*** Records provided

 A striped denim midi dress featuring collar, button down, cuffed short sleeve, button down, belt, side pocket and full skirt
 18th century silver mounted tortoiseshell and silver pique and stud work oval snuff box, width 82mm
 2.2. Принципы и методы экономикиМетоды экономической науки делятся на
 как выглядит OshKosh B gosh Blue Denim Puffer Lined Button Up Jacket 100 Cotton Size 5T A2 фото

******
*** Records provided

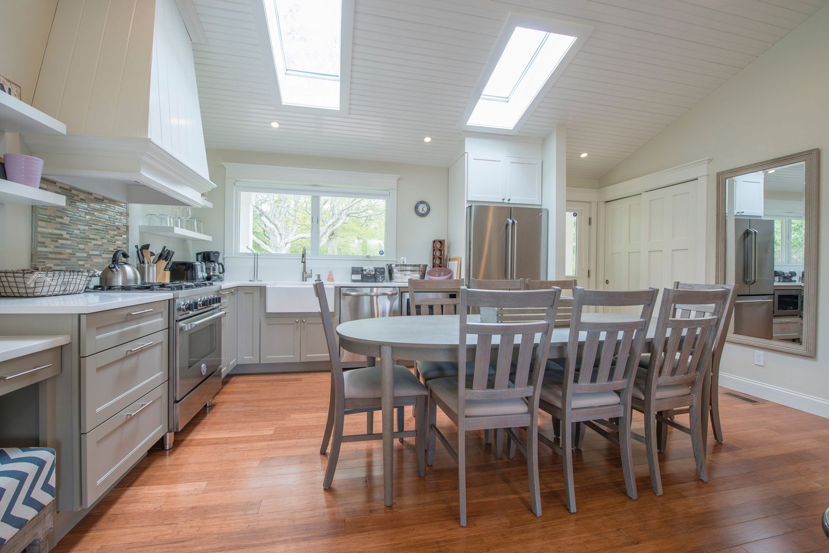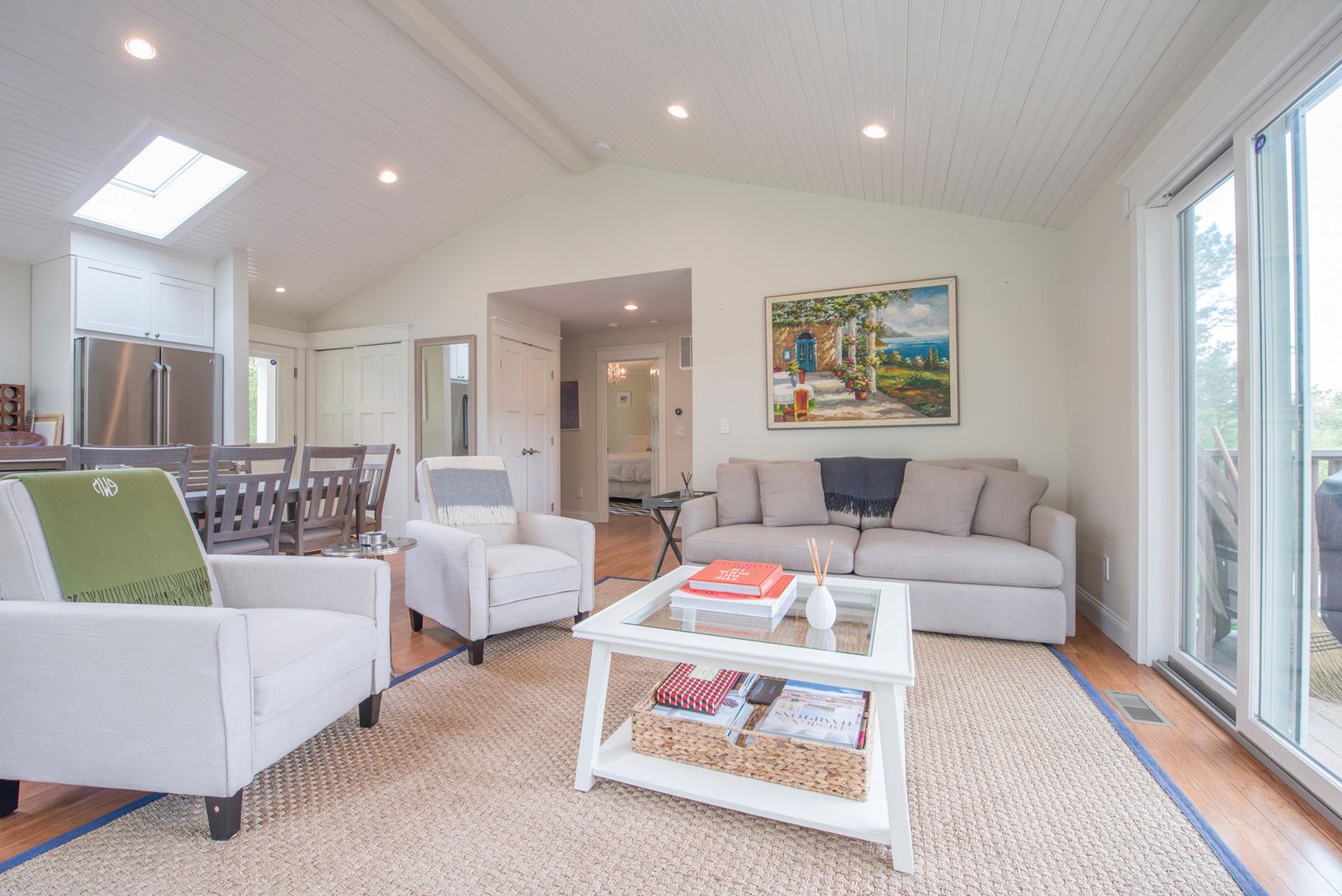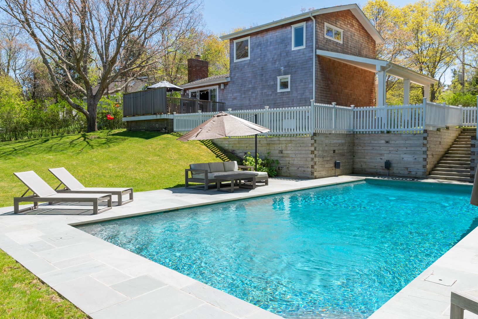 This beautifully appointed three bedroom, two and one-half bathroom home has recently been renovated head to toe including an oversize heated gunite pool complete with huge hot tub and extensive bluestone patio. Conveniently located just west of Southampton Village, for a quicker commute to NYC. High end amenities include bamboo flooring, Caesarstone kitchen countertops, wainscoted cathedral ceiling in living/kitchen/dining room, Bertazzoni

******
*** Records provided

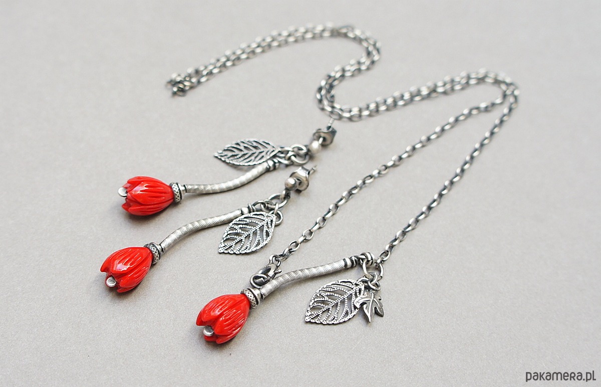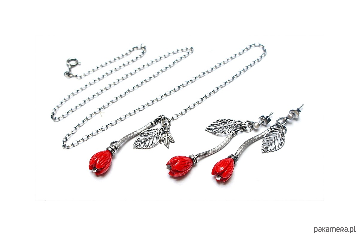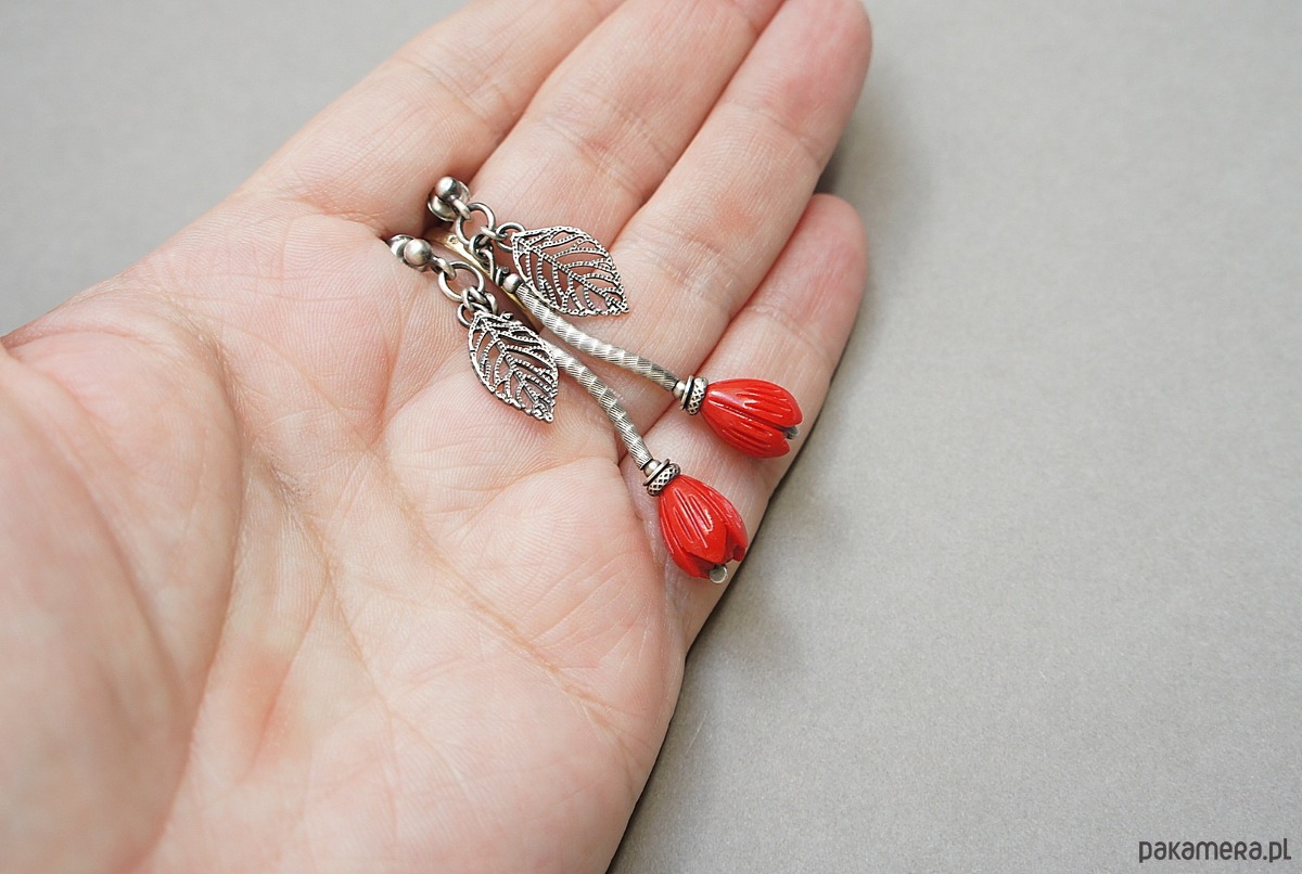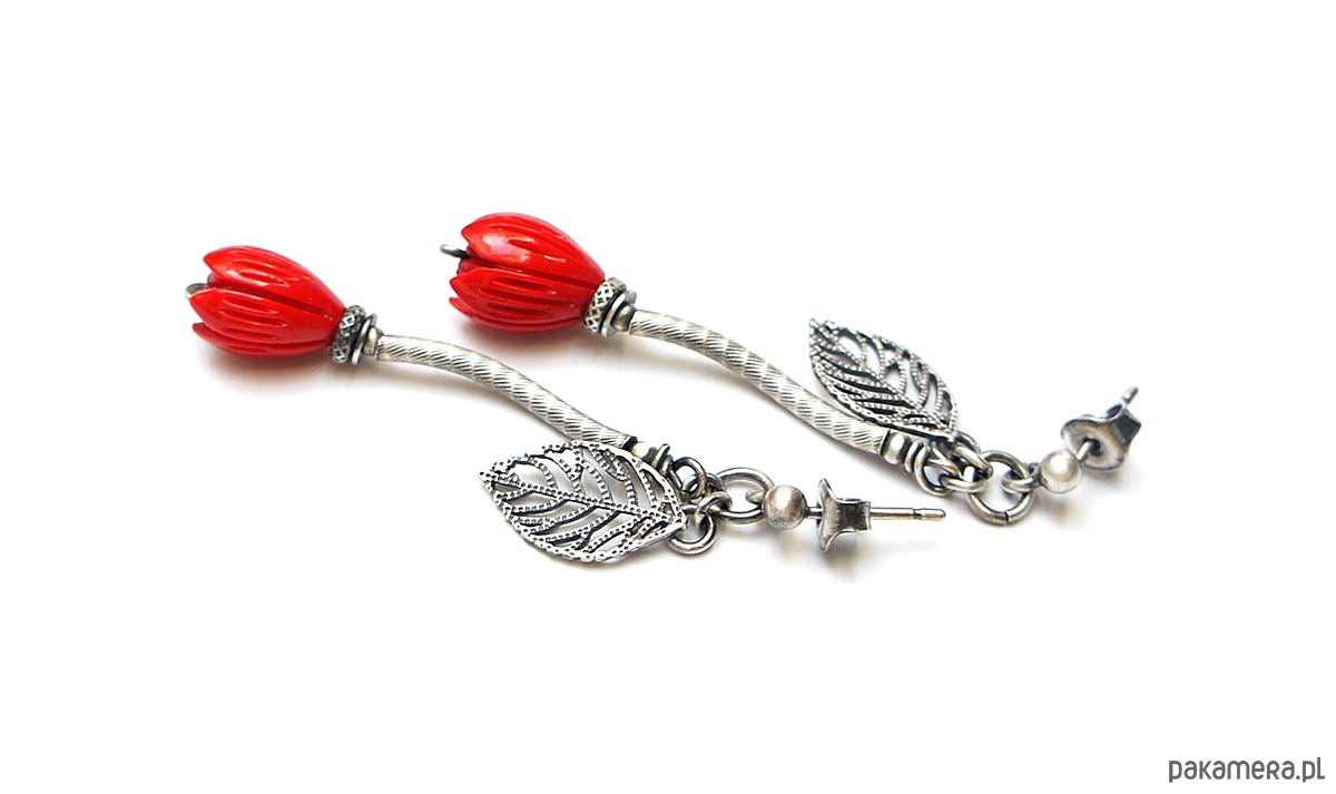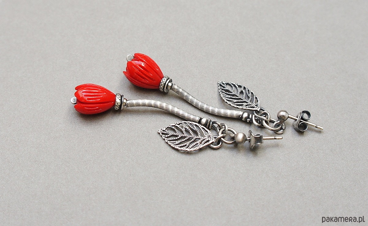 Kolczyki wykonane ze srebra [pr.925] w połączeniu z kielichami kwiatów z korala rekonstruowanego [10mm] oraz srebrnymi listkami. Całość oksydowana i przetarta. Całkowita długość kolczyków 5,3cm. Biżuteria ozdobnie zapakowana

******

### Activity
All that should be written out is the stretch of lines above between the one holding "2.2. Принципы и" and the one holding "как выглядит OshKosh", inclusive, exactly as given.

### Final answer
 2.2. Принципы и методы экономикиМетоды экономической науки делятся на
 как выглядит OshKosh B gosh Blue Denim Puffer Lined Button Up Jacket 100 Cotton Size 5T A2 фото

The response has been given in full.